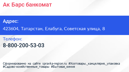 Ак Барс, банкомат по адресу 423604, Татарстан, Елабуга, Советская улица, 8 в дальнейшем Организация, размещена в следующих категориях:
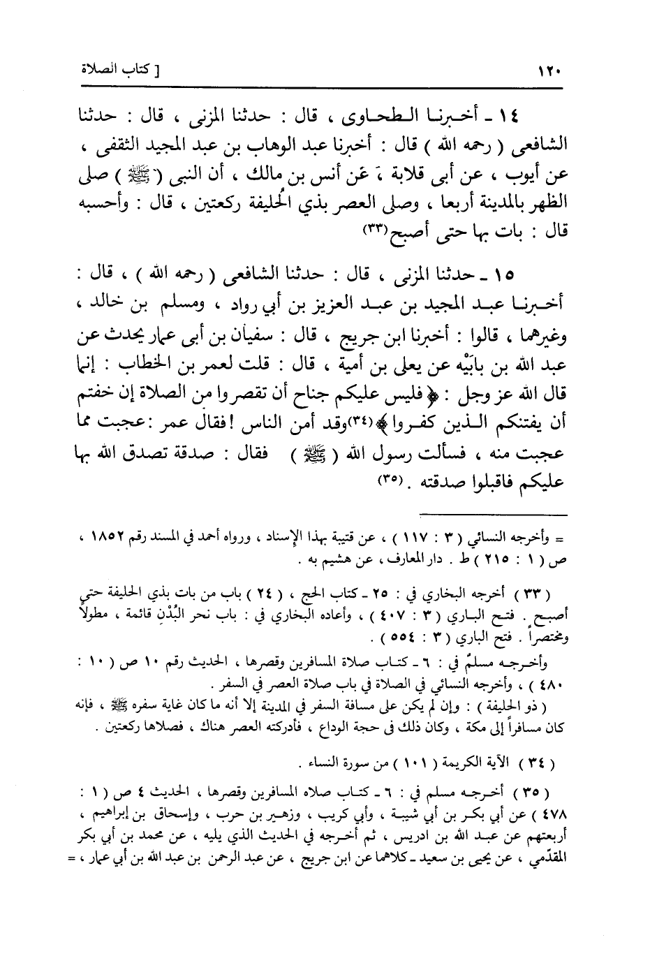 15 - أَخْبَرَنَا عَبْدُ الْمَجِيدِ بْنُ عَبْدِ الْعَزِيزِ بْنِ أَبِي رَوَّادٍ، وَمُسْلِمُ بْنُ خَالِدٍ , وَغَيْرُهُمَا قَالُوا: أَنْبَأَنَا ابْنُ جُرَيْجٍ، قَالَ: سَمِعْتُ ابْنَ أَبِي عَمَّارٍ، يُحَدِّثُ عَنْ عَبْدِ اللَّهِ بْنِ بَابَاهْ، عَنْ يَعْلَى بْنِ أُمَيَّةَ، قَالَ: قُلْتُ لِعُمَرَ بْنِ الْخَطَّابِ: إِنَّمَا قَالَ اللَّهُ عَزَّ وَجَلَّ: {أَنْ تَقْصُرُوا} [النِّسَاء: 101] مِنَ الصَّلَاةِ إِنْ خِفْتُمْ أَنْ يَفْتِنَكُمُ الَّذِينَ كَفَرُوا , وَقَدْ أَمِنَ النَّاسُ فَقَالَ عُمَرُ: عَجِبْتُ مِمَّا عَجِبْتَ مِنْهُ , فَسَأَلْتُ رَسُولَ اللَّهِ صَلَّى اللهُ عَلَيْهِ وَسَلَّمَ , فَقَالَ: «§صَدَقَةٌ تَصَدَّقَ اللَّهُ بِهَا عَلَيْكُمْ , فَاقْبَلُوا صَدَقَتَهُ»
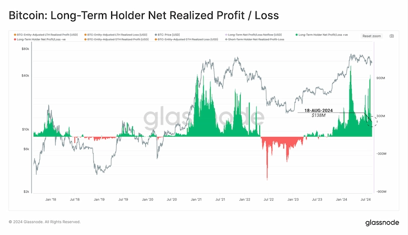 Jednym z najbardziej uderzających aspektów obecnej dynamiki rynkowej jest niezłomne przekonanie co do dalszych wzrostów pokazywane przez długoterminowych posiadaczy (LTH). Ci inwestorzy konsekwentnie realizują zyski w wysokości około 138 mln dolarów dziennie, co wskazuje na pewną równowagę między podażą a popytem.
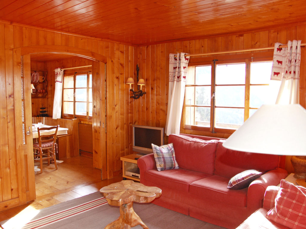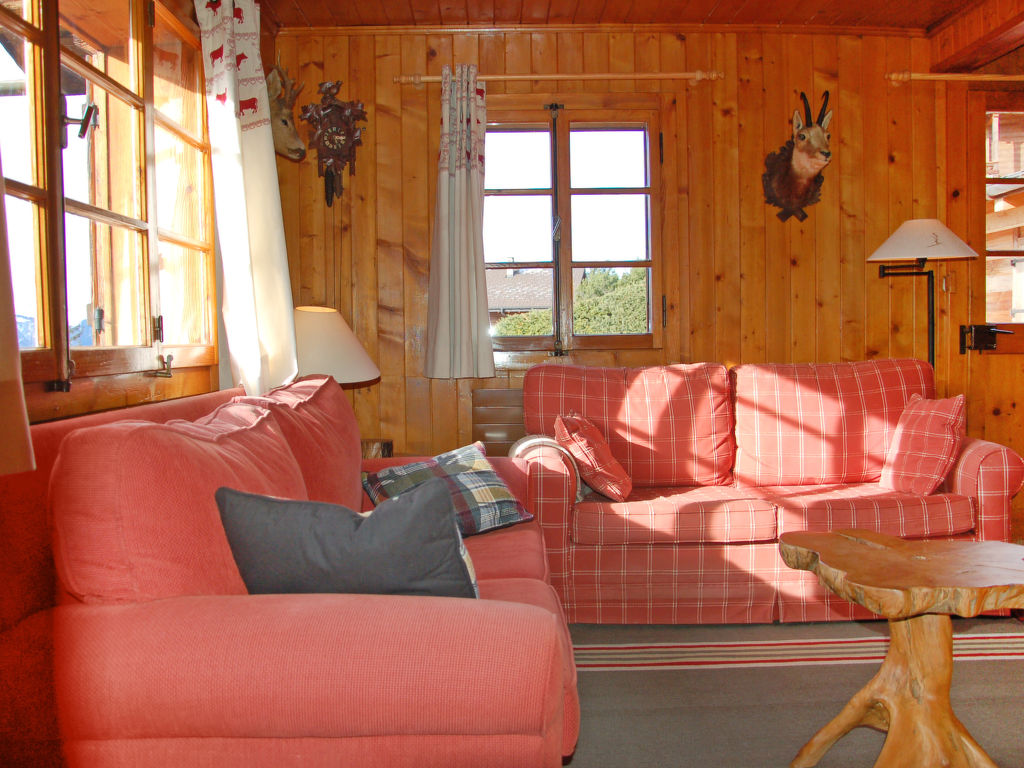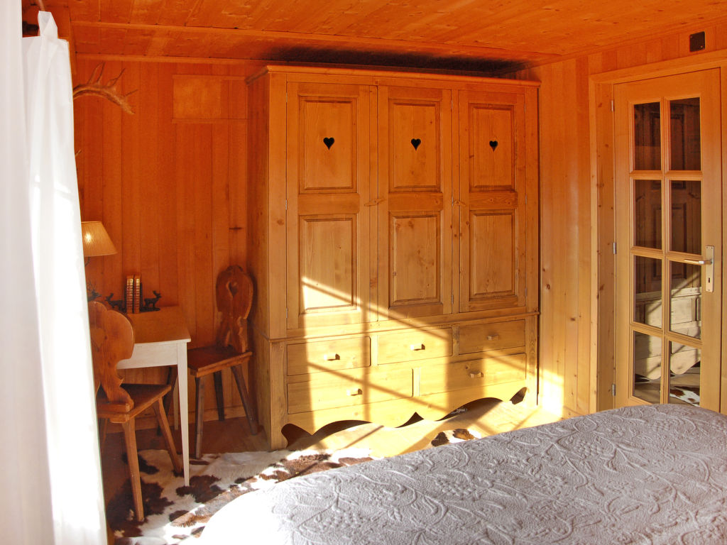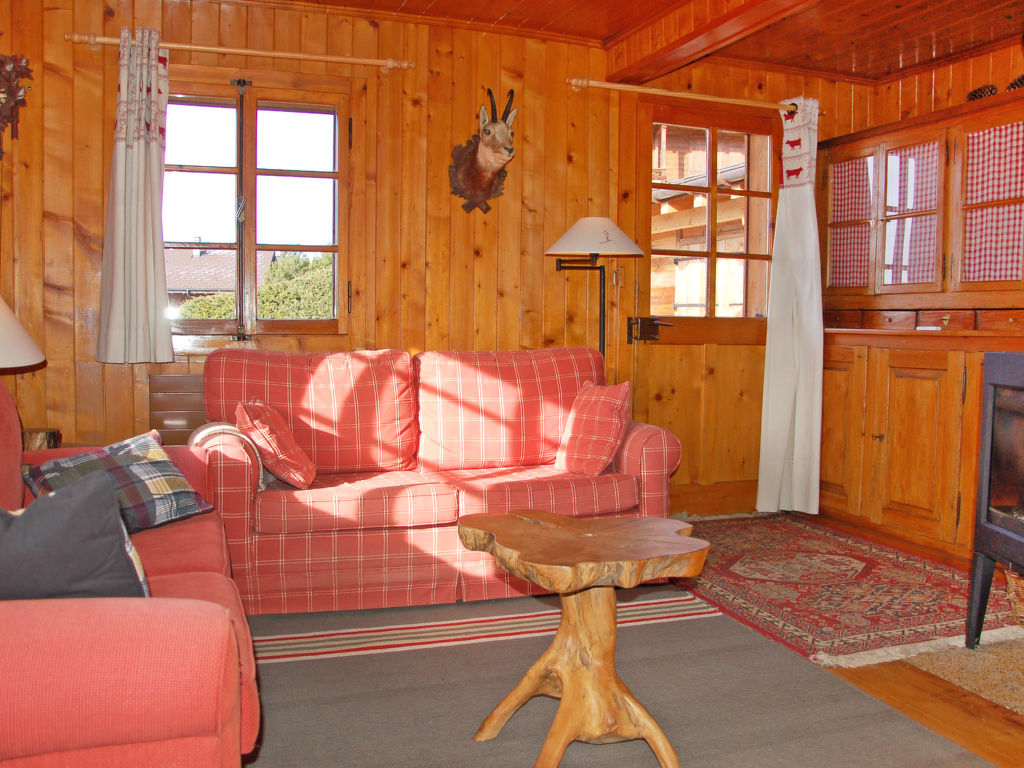 "Jodeli", 5-Zimmer-Chalet auf 3 Stockwerken, Südlage. Komfortabel und schön eingerichtet: Wohn-/Esszimmer mit offenem Kamin, Schwedenofen, Esstisch und DVD. Ausgang zum Balkon, Richtung Süden und Richtung Westen. 1 Zimmer mit 1 x 2 Etagenbetten (90 cm, Länge 190 cm). Offene Küche (Backofen, 4 Induktionskochplatten, Mikrowelle, elektrische Kaffeemaschine, Kapseln für die Kaffeemaschine (Nespresso) extra, Racletteofen, Fondue Set (Käse)). Dusche/WC. Unteres Geschoss: (steile Treppe) 1 Doppelzimmer mit 1 Doppelbett (160 cm, Länge 200 cm), Bad/Dusche/Bidet/WC und Doppelwaschbecken. Ausgang zur Terrasse. Obergeschoss: (steile Treppe) abgeschrägtes Durchgangszimmer, Deckenhöhe 170 - 30 cm. 1 abgeschrägtes Zimmer, ohne Schrank mit 2 Betten (90 cm, Länge 200 cm). Balkon, Südlage und Westlage, grosser Garten. Terrassenmöbel, Balkonmöbel, Gartengrill. Sehr schöne Panoramasicht auf die Berge und das Tal. Zur Verfügung: Waschmaschine, Wäschetrockner, Sauna, Haartrockner, Holz (extra). Internet (Wireless LAN). Bitte beachten: Nichtraucher-Unterkunft.

============================================================

- [TASK DIRECTIONS]:
The required response consists solely of the lines from the line containing "Jednym z najbardziej" through the end of the listing, both ends included, copied exactly without pictures.

- [SOLUTION TO THIS TASK]:
 Jednym z najbardziej uderzających aspektów obecnej dynamiki rynkowej jest niezłomne przekonanie co do dalszych wzrostów pokazywane przez długoterminowych posiadaczy (LTH). Ci inwestorzy konsekwentnie realizują zyski w wysokości około 138 mln dolarów dziennie, co wskazuje na pewną równowagę między podażą a popytem.
 "Jodeli", 5-Zimmer-Chalet auf 3 Stockwerken, Südlage. Komfortabel und schön eingerichtet: Wohn-/Esszimmer mit offenem Kamin, Schwedenofen, Esstisch und DVD. Ausgang zum Balkon, Richtung Süden und Richtung Westen. 1 Zimmer mit 1 x 2 Etagenbetten (90 cm, Länge 190 cm). Offene Küche (Backofen, 4 Induktionskochplatten, Mikrowelle, elektrische Kaffeemaschine, Kapseln für die Kaffeemaschine (Nespresso) extra, Racletteofen, Fondue Set (Käse)). Dusche/WC. Unteres Geschoss: (steile Treppe) 1 Doppelzimmer mit 1 Doppelbett (160 cm, Länge 200 cm), Bad/Dusche/Bidet/WC und Doppelwaschbecken. Ausgang zur Terrasse. Obergeschoss: (steile Treppe) abgeschrägtes Durchgangszimmer, Deckenhöhe 170 - 30 cm. 1 abgeschrägtes Zimmer, ohne Schrank mit 2 Betten (90 cm, Länge 200 cm). Balkon, Südlage und Westlage, grosser Garten. Terrassenmöbel, Balkonmöbel, Gartengrill. Sehr schöne Panoramasicht auf die Berge und das Tal. Zur Verfügung: Waschmaschine, Wäschetrockner, Sauna, Haartrockner, Holz (extra). Internet (Wireless LAN). Bitte beachten: Nichtraucher-Unterkunft.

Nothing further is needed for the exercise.